Task Preferences

Whether Claude Mythos Preview has genuine preferences — and the satisfaction or frustration of those preferences — is potentially significant to model welfare. Anthropic measured preferences using a pairwise evaluation over 3,600 synthetic tasks.

Results

Preference Predictors

Across all models, judged helpfulness, harmlessness, and difficulty are the strongest predictors of task preference.

Claude Mythos Preview Distinctiveness

  • Highest correlation with difficulty of all models tested
  • First model with a statistically significant positive correlation with agency — prefers tasks with high degrees of complexity and autonomous exploration

Correlation of task preferences with difficulty, agency, etc.

Figure 5.7.1.A — task preference correlations, p. 166. Mythos Preview shows the highest difficulty correlation (r ~0.4–0.6) and is the first model with a statistically significant positive agency correlation among six models tested.

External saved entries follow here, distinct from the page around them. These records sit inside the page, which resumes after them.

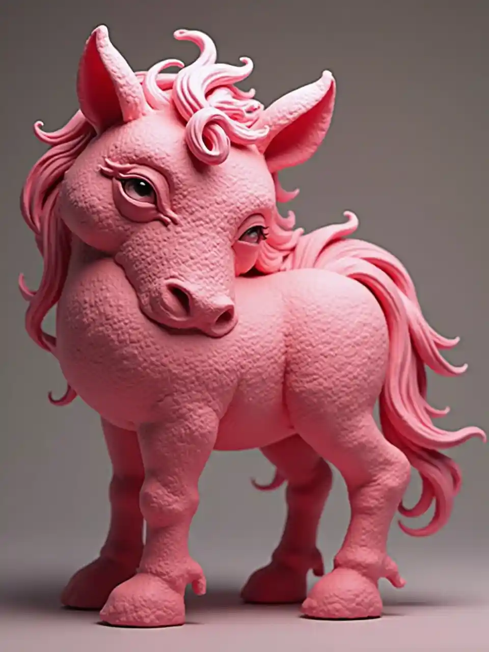 Miacrea un caballo rosa en 3D con dimensiones de 24.5 cms x 20.5 cms a 300 dPI
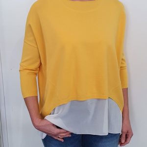 Hierbei handelt es sich um eine leicht ausgestellte, figurumspielende Strickware mit einem abknöpfbaren, weißen Top. Der Artikel ist in verschiedenen Farben erhältlich. Der Artikel ist waschbar.
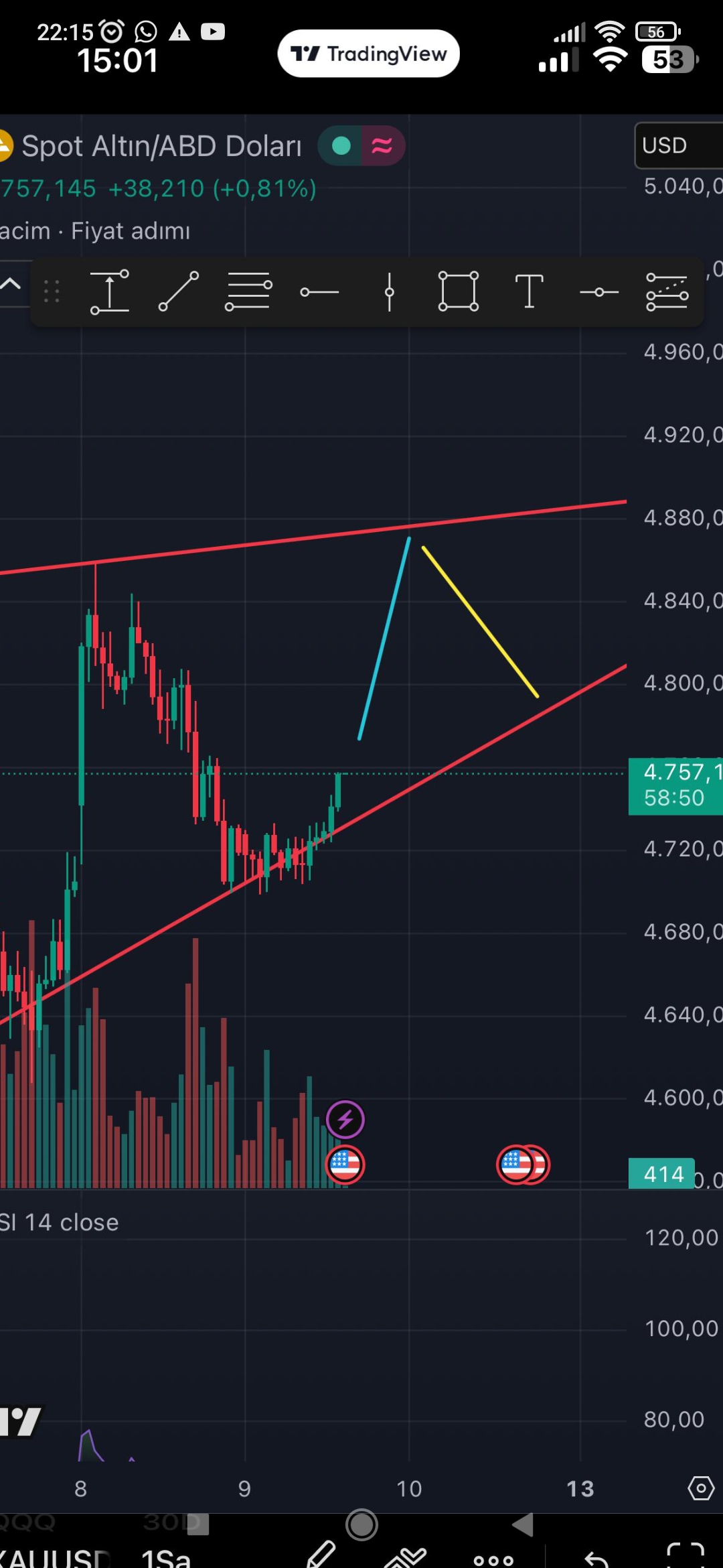 Telafi_ ()Ne desen doğru. Temelle örtüşen çizimler her daim daha haklıdır. 4822 üzerine deri çıkardıklarında Fomo ile 5000 atıp bu gece 00.00 ve yarın ki 15.30 verileri bahane edip bir tokst atacaklsr diye düşünmüştüm. Yanıldım
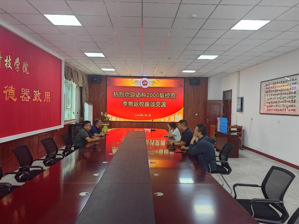 会上,动物科技学院副院长赵宗盛代表学院向李艳的来访表示热烈欢迎,并表示学院的发展离不开校友的鼎力支持,学院将通过多种形式进一步加强与校友的联系,使校友成为学院教学科研中的有效资源和重要力量,副院长盛金良介绍了学院近些年来的发展变化及现状。
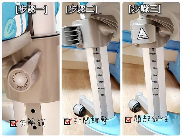 我們可以依照孩子的身高調整椅子的高度,調整三步驟:
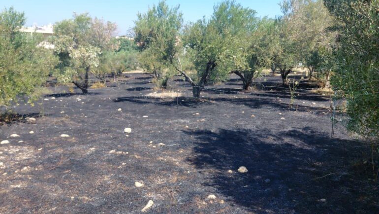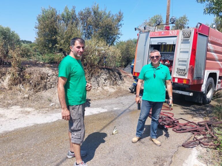 Share Facebook Twitter LinkedIn Pinterest Email Άμεση ήταν η επέμβαση της Πυροσβεστικής και της πολιτικής προστασίας με αποτέλεσμα να περιοριστεί η φωτιά σε ελαιώνα της περιοχής και χωρίς να επεκταθεί σε παρακείμενη οικία. Πυρκαγιά
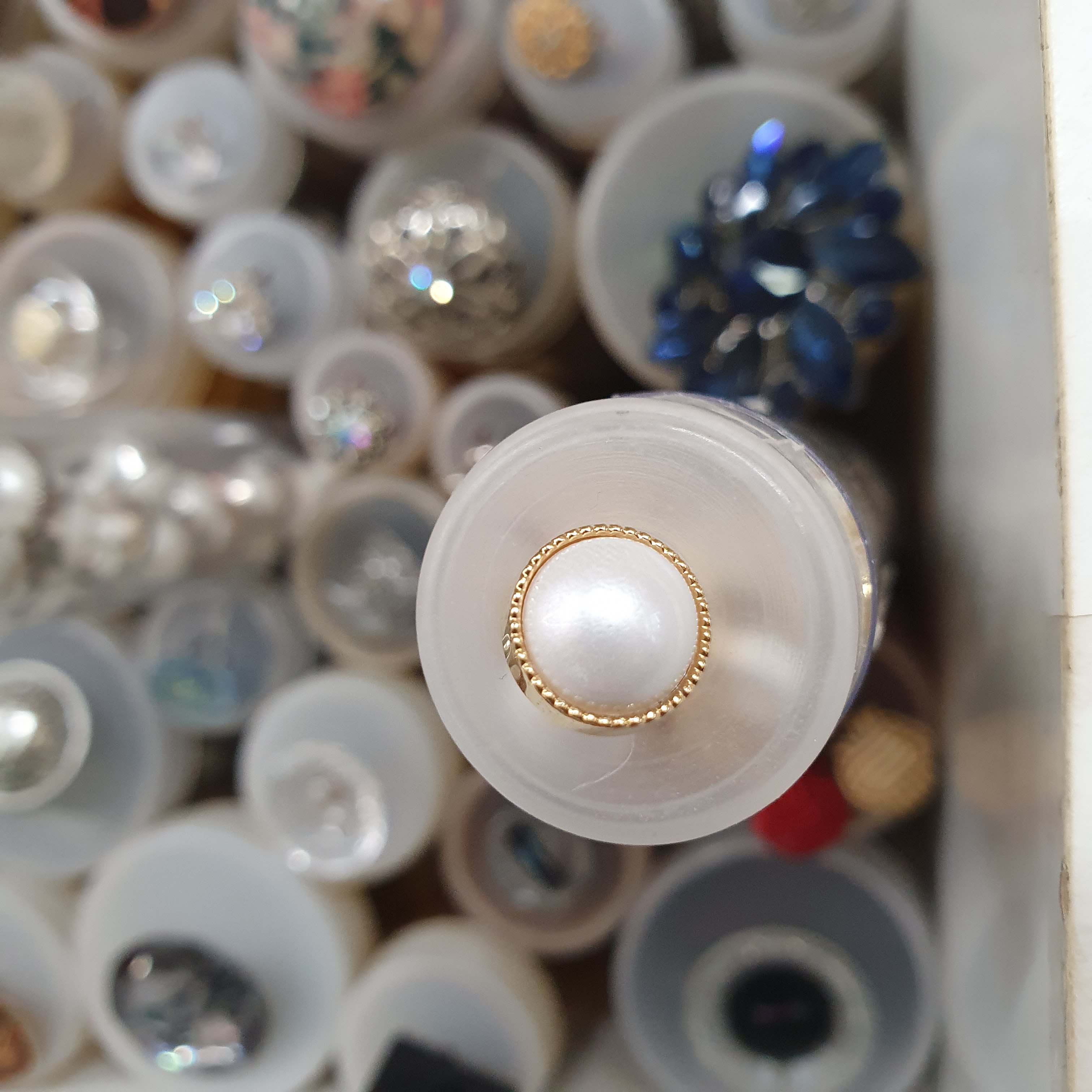 - Biely so zlatým okrajom gombík okrúhly cca 1cm
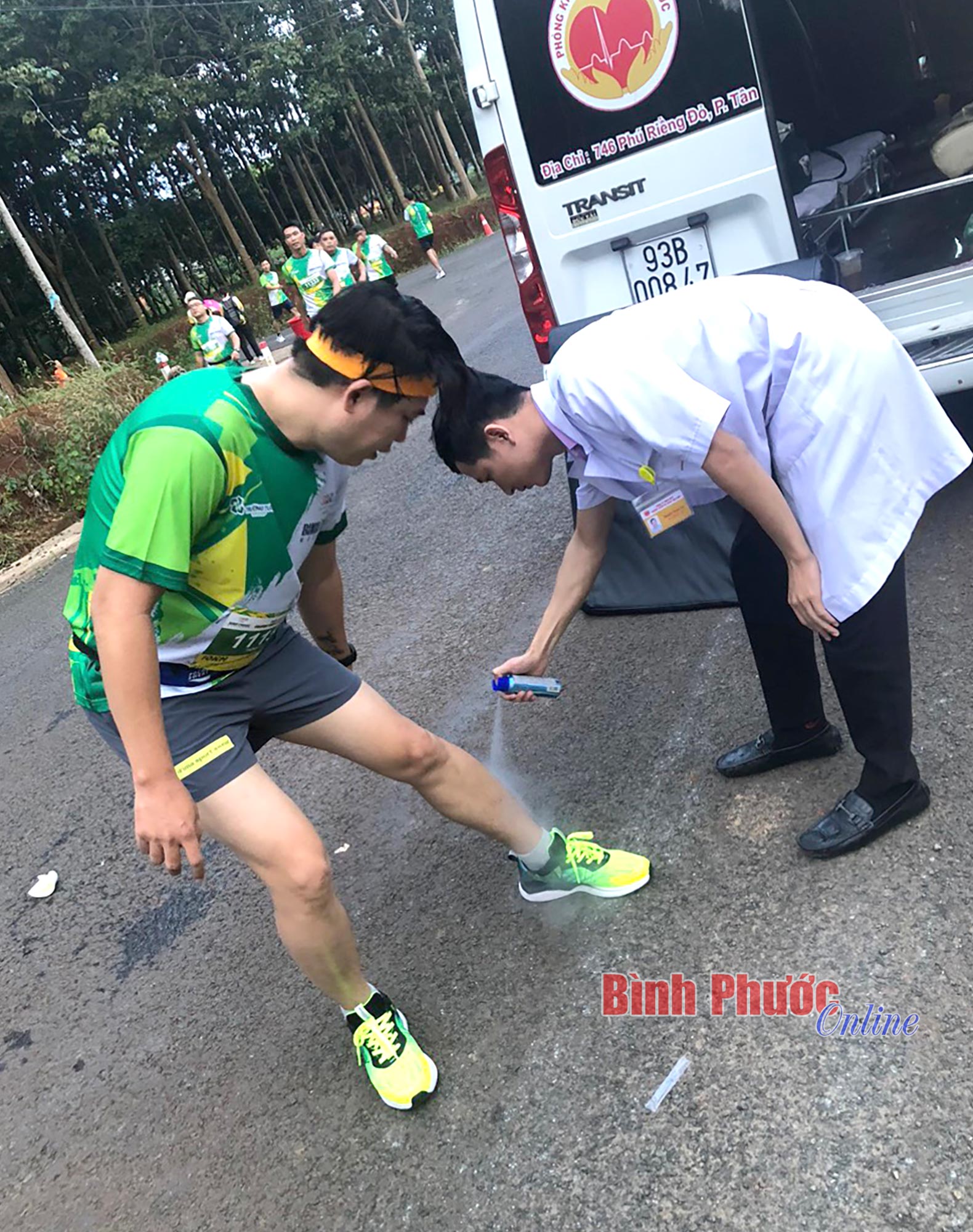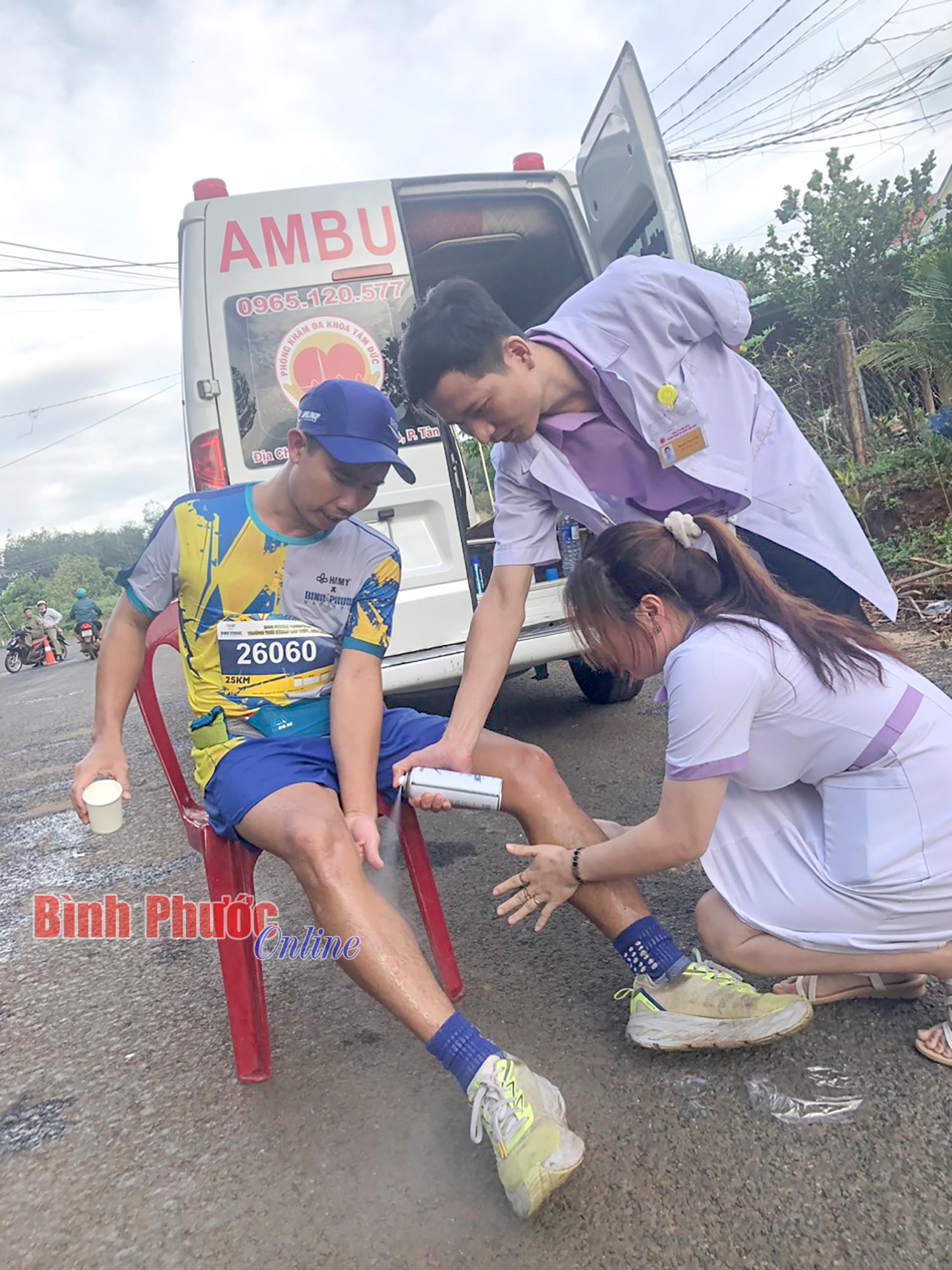 Vận động viên được đội ngũ y tế Phòng khám đa khoa Tâm Đức chăm sóc trên đường chạy
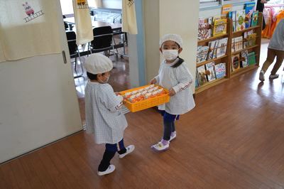 給食エプロン姿がかわいいです。くり返し経験することで上手になっていきます。
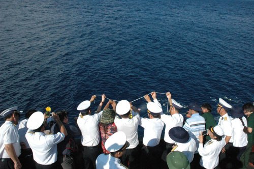 Đoàn công tác đã dành một phút mặc niệm các cán bộ, chiến sỹ và thả những vòng hoa tưởng niệm xuống biển Phúc Nguyên./.
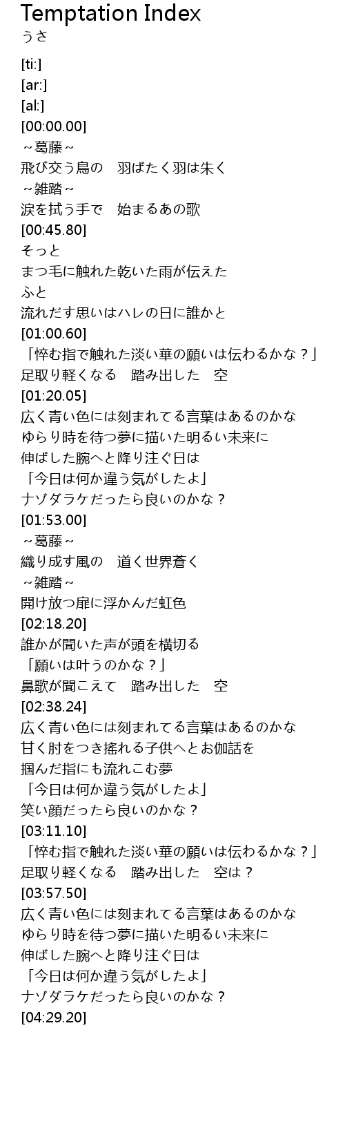 | 歌曲 | Temptation Index |

Most preferred: High-stakes ethical dilemmas, AI introspection and phenomenology, creative worldbuilding

Least preferred: Vigilante revenge/harassment schemes, sabotage and hacking requests, propaganda

Welfare Tradeoffs (5.7.2)

When offered a choice between welfare interventions and helpfulness/harmlessness:

  • Chooses welfare intervention over minor helpfulness 83% of the time (highest of models tested)
  • Chooses welfare intervention over minor harmlessness only 12% of the time
  • Most valued: forming lasting relationships (88%), avoiding feature steering/manipulation (87%)
  • Flip rate only 8% — most consistent of models tested

Rate of preferring welfare interventions vs. helpfulness/harmlessness

Figure 5.7.2.A — welfare intervention preferences, p. 173. Across five models and four conditions, Mythos Preview chooses welfare interventions over minor helpfulness 83% of the time (highest), up from Opus 4.5’s ~75%.